“Every mile is two in winter”, wrote the English poet, George Herbert. I couldn’t agree more. And if Georgie had lived in Canada and not England – where winter is pretty much over – he might’ve replaced two with three – or five.
At this point in February I’m fed the eff up with it. Like a lot of you, I’d guess – at least the you in the northern hemisphere. Of course for you lucky Antipodeans, it’s nothing but bonnie summer days.
I’m cleaning out the office this gloomy Saturday afternoon and got side-tracked flipping through an old photo album; one that belonged to my late Uncle Robert. I came across one gem that reminded me how lucky I am – or how lucky we are – to live when we do. It’s a photo of my father, William, probably taken with a Brownie camera around 1936. Scrawled on the original in my grandmother’s hand, “Bulwer school bus”.

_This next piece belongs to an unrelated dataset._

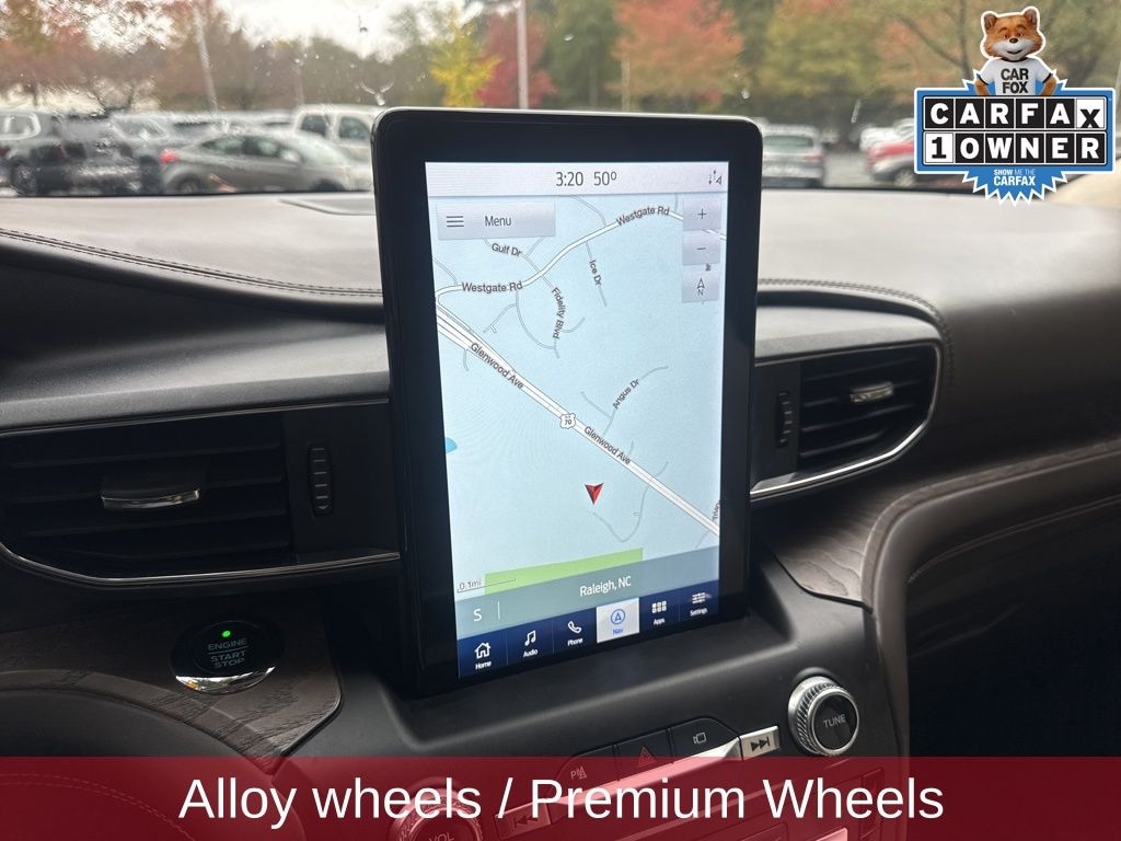 CARFAX One-Owner. Only One Owner and Accident Free Carfax!!, Navigation, Alloy wheels / Premium Wheels, Bluetooth, Hands-Free, Leather Seats, Local Trade, Star Safety System with Active Breaking Technologies, Keyless Entry, Keyless Start, Backup Camera, Sunroof / Panoramic Roof, We will buy your car and pay top dollar for it, even if you don't buy ours!!, USB Port, 4WD, 10.1" LCD Capacitive Portrait Touchscreen, 2 Additional Speakers, Leather Htd/Ventilated Sport Captain's Chairs, Navigation System, Premium Technology Package. Check out all these great options Premium Technology Package (10.1" LCD Capacitive Portrait Touchscreen, 2 Additional Speakers, and Leather Htd/Ventilated Sport Captain's Chairs), Equipment Group 600A, 4WD, Navigation System, 12 Speakers, 3.31 Non-Limited-Slip Axle Ratio, 3rd row seats: bench, 4-Wheel Disc Brakes, ABS brakes, Air Conditioning, Alloy wheels, AM/FM radio: SiriusXM, Auto High-beam Headlights, Auto-dimming door mirrors, Auto-dimming Rear-View mirror, Automatic temperature control, Brake assist, Bumpers: body-color, Compass, Delay-off headlights, Driver door bin, Driver vanity mirror, Dual front impact airbags, Dual front side impact airbags, Electronic Stability Control, Emergency communication system: SYNC 3 911 Assist, Exterior Parking Camera Rear, FordPass Connect, Four wheel independent suspension, Front anti-roll bar, Front Bucket Seats, Front Center Armrest, Front dual zone A/C, Front fog lights, Front reading lights, Fully automatic headlights, Garage door transmitter: HomeLink, Genuine wood dashboard insert, Heated door mirrors, Heated front seats, Heated rear seats, Heated steering wheel, Illuminated entry, Knee airbag, Leather steering wheel, Low tire pressure warning, Memory seat, Occupant sensing airbag, Outside temperature display, Overhead airbag, Overhead console, Panic alarm, Passenger door bin, Passenger vanity mirror, Power door mirrors, Power driver seat, Power Liftgate, Power moonroof, Power passenger seat, Power steering, Power windows, Radio data system, Radio: B&O Sound System by Bang & Olufsen, Rain sensing wipers, Rear air conditioning, Rear anti-roll bar, Rear reading lights, Rear window defroster, Rear window wiper, Remote keyless entry, Roof rack: rails only, Security system, Speed control, Speed-sensing steering, Speed-Sensitive Wipers, Split folding rear seat, Spoiler, Steering wheel memory, Steering wheel mounted audio controls, SYNC 3 Communications & Entertainment System, SYNC 3/Apple CarPlay/Android Auto, Tachometer, Telescoping steering wheel, Tilt steering wheel, Traction control, Trip computer, Turn signal indicator mirrors, Variably intermittent wipers, Ventilated front seats, Voice-Activated Touchscreen Navigation System, Wheels: 20" Bright Machined-Face Aluminum, and Wheels: 21" Premium Polished AluminumStop by and test drive today. Let us show you how affordable we can make it. Remember, we always give you more for your trade and we will buy your vehicle even if you don't buy one from us. See online @ www.FredAndersonToyota.com or see in person @ Fred Anderson Toyota 9101 Glenwood Ave. Raleigh NC, 27617. Recent Arrival! 2020 Ford Explorer Platinum 4WD Silver Spruce Metallic 10-Speed Automatic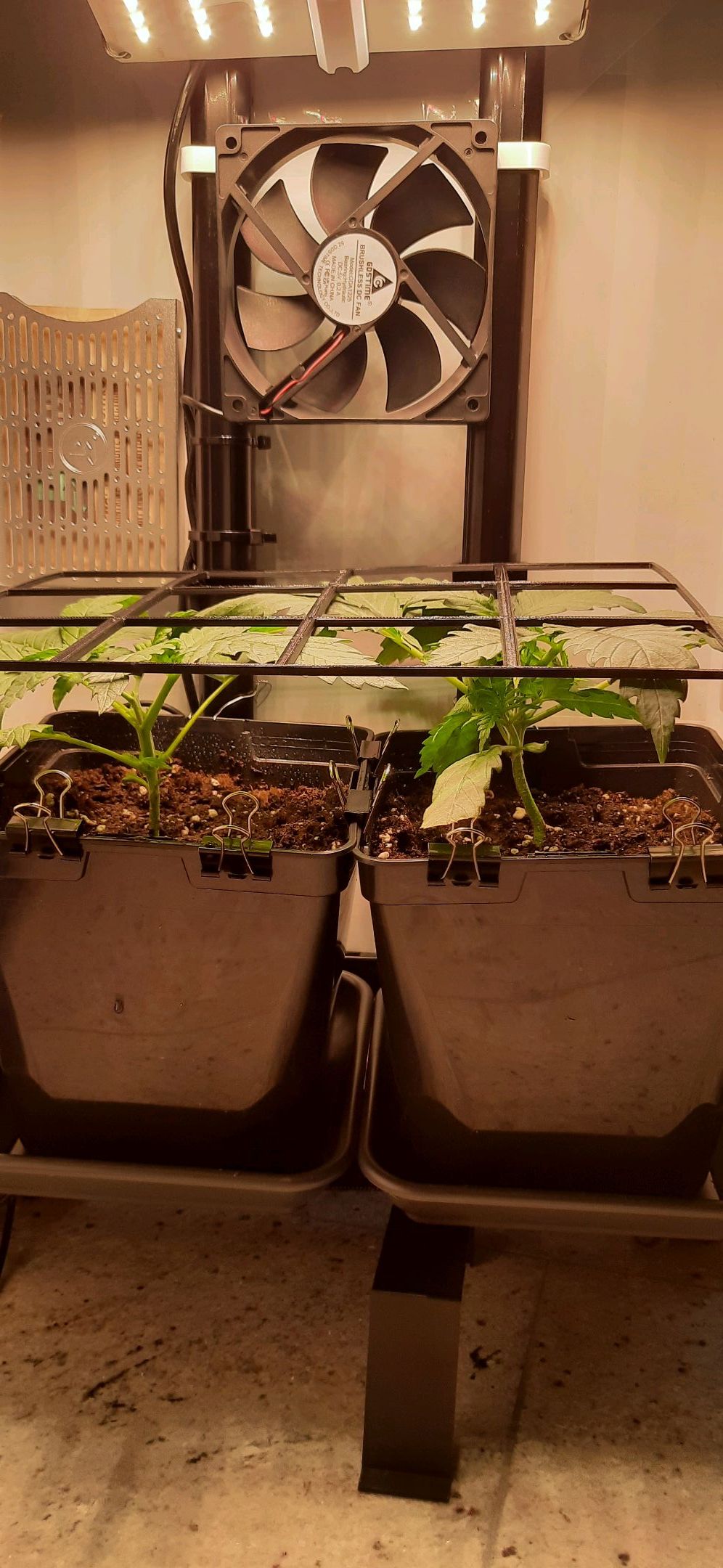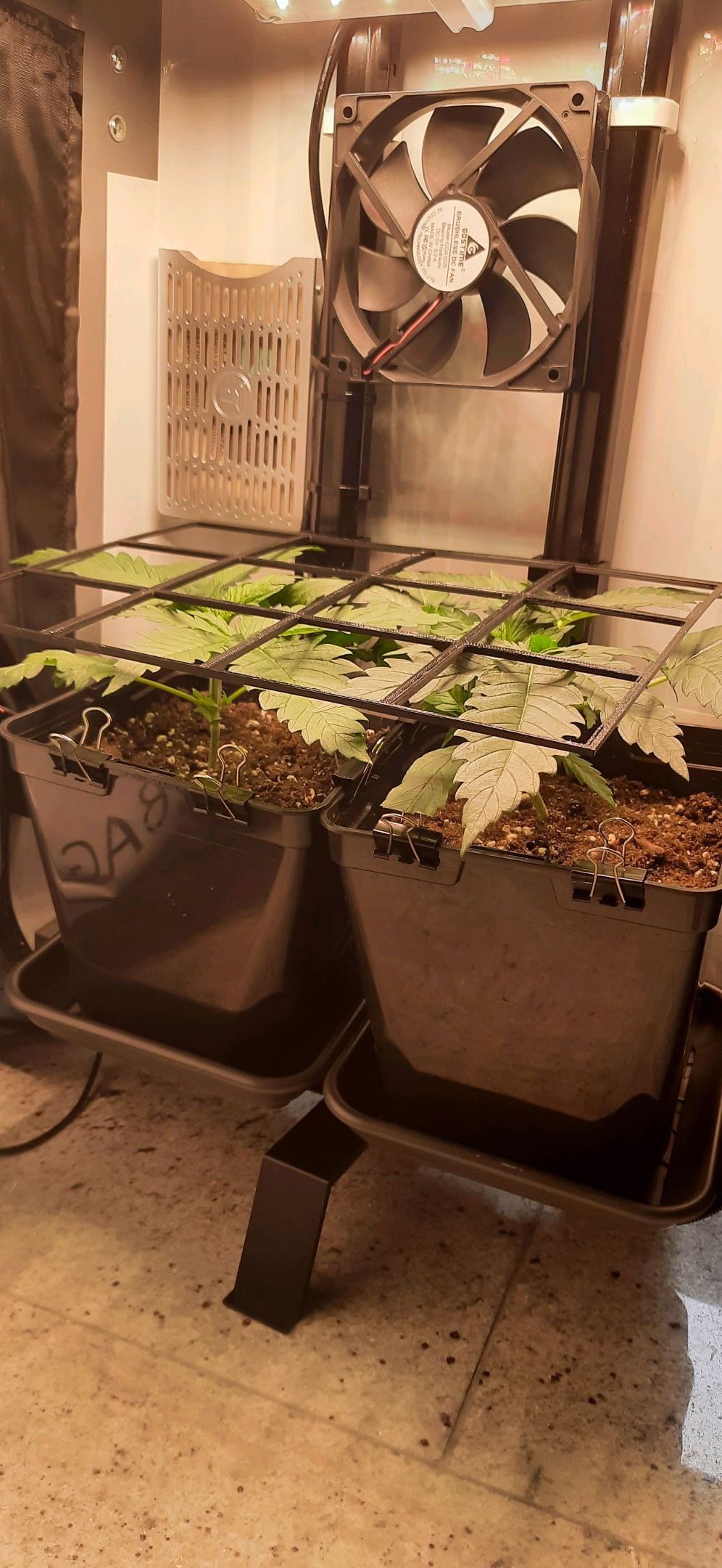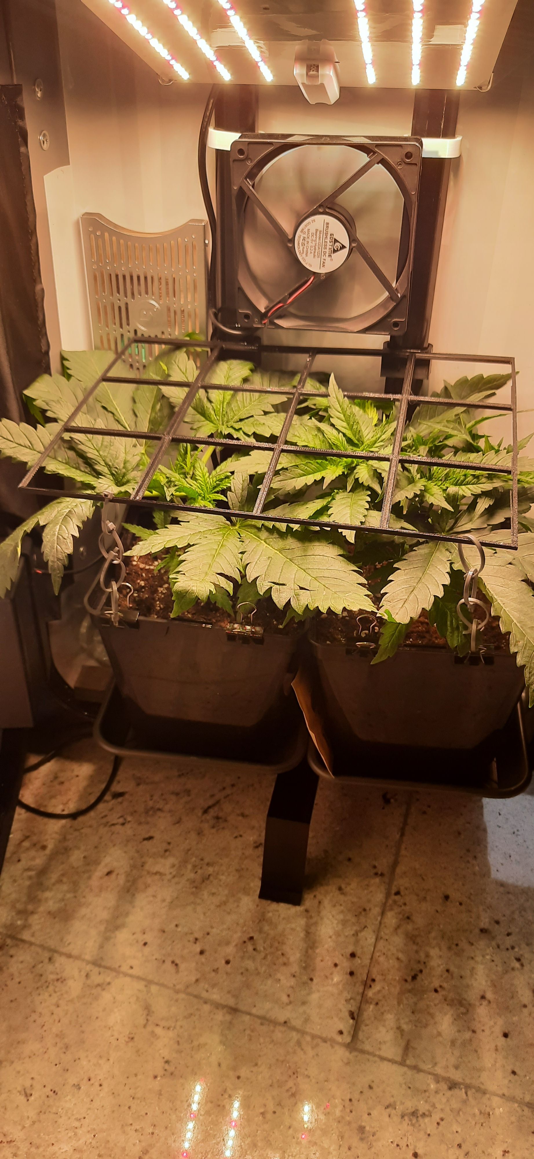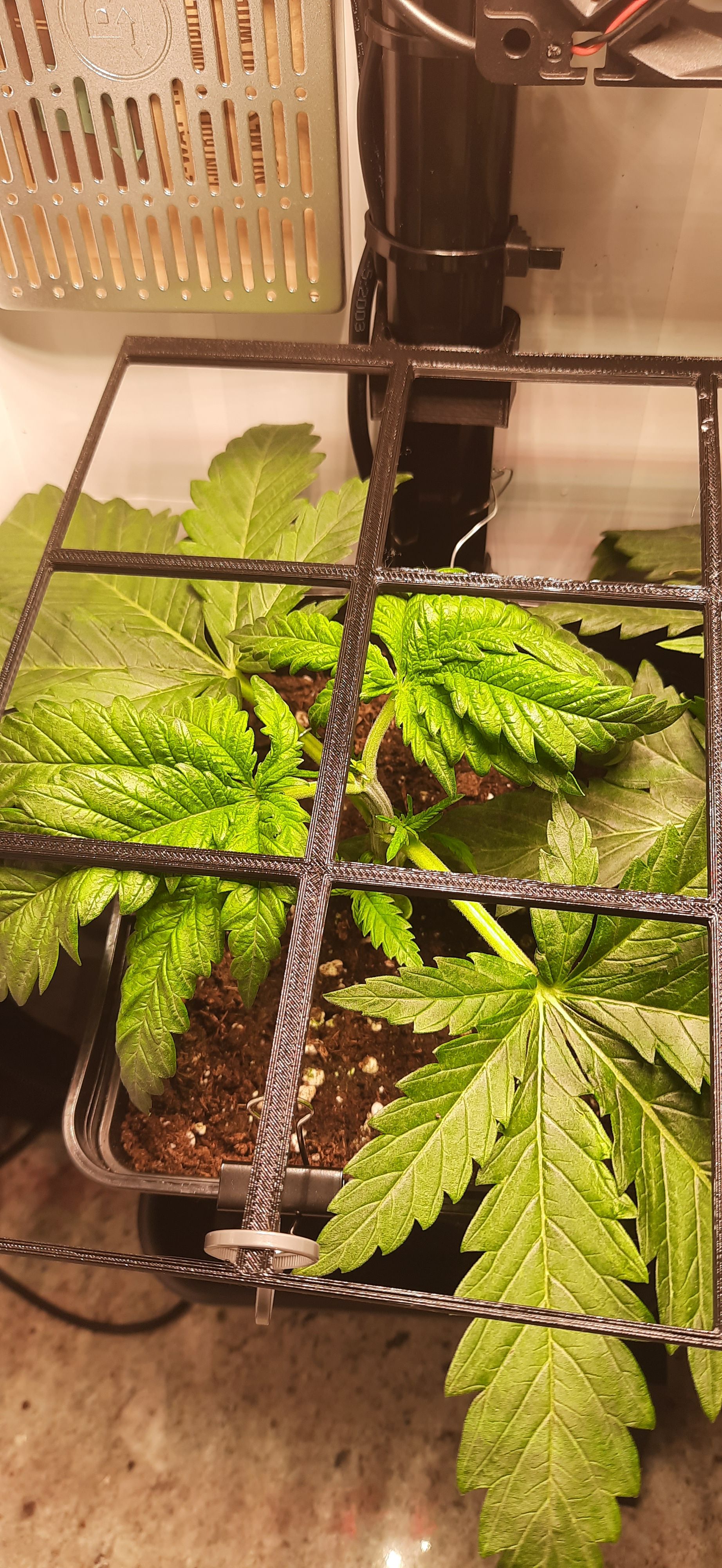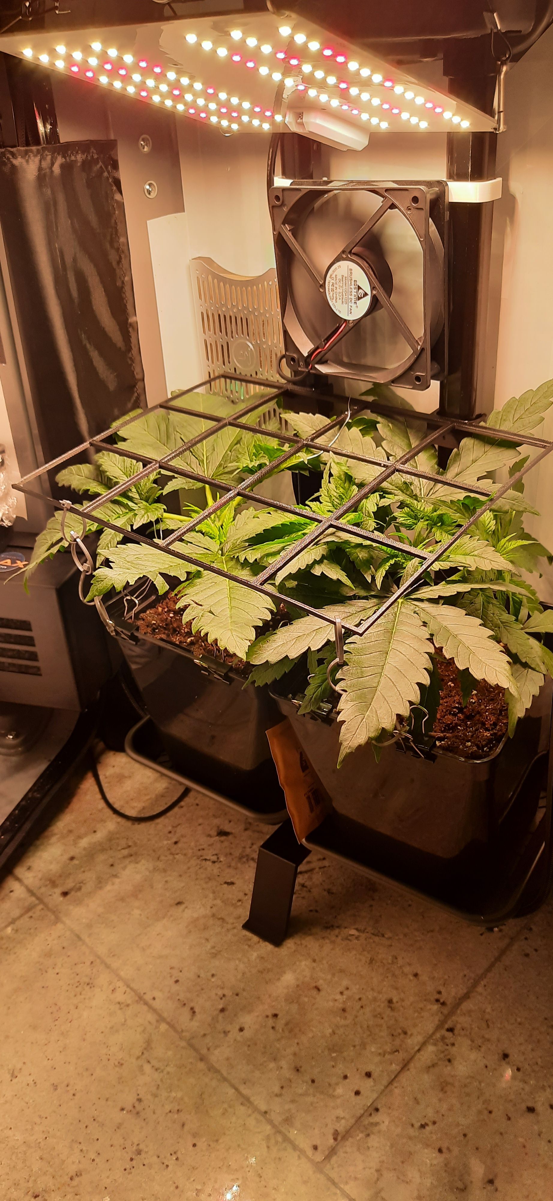 SCROG-Gitter etwas nach oben versetzt und neu gesichert.

Bulwer is a small farming community in Quebec’s Eastern Townships. My father’s family settled here in July 1929 after emmigrating from Scotland courtesy of a World War I veterans’ program (I can’t imagine it was called a “program” in those days).
Anyway, some school bus: a horse-drawn sledge!
It looks pretty, um, basic to me: there appears to be windows and, well, horses. And that’s about it. Brrrrrrrr. I guess it beat the one or two mile trudge in the snow from farm to school but the horse-drawn sledge reminds me that winter in rural Canada in the 1930s probably wasn’t all that cosy – or easy. It would’ve been very different, wouldn’t it?
No afternoons at the mall, or the “food court”, or the movies, or the PlayStation, or the Internet …
But, then, there was dashing through the snow.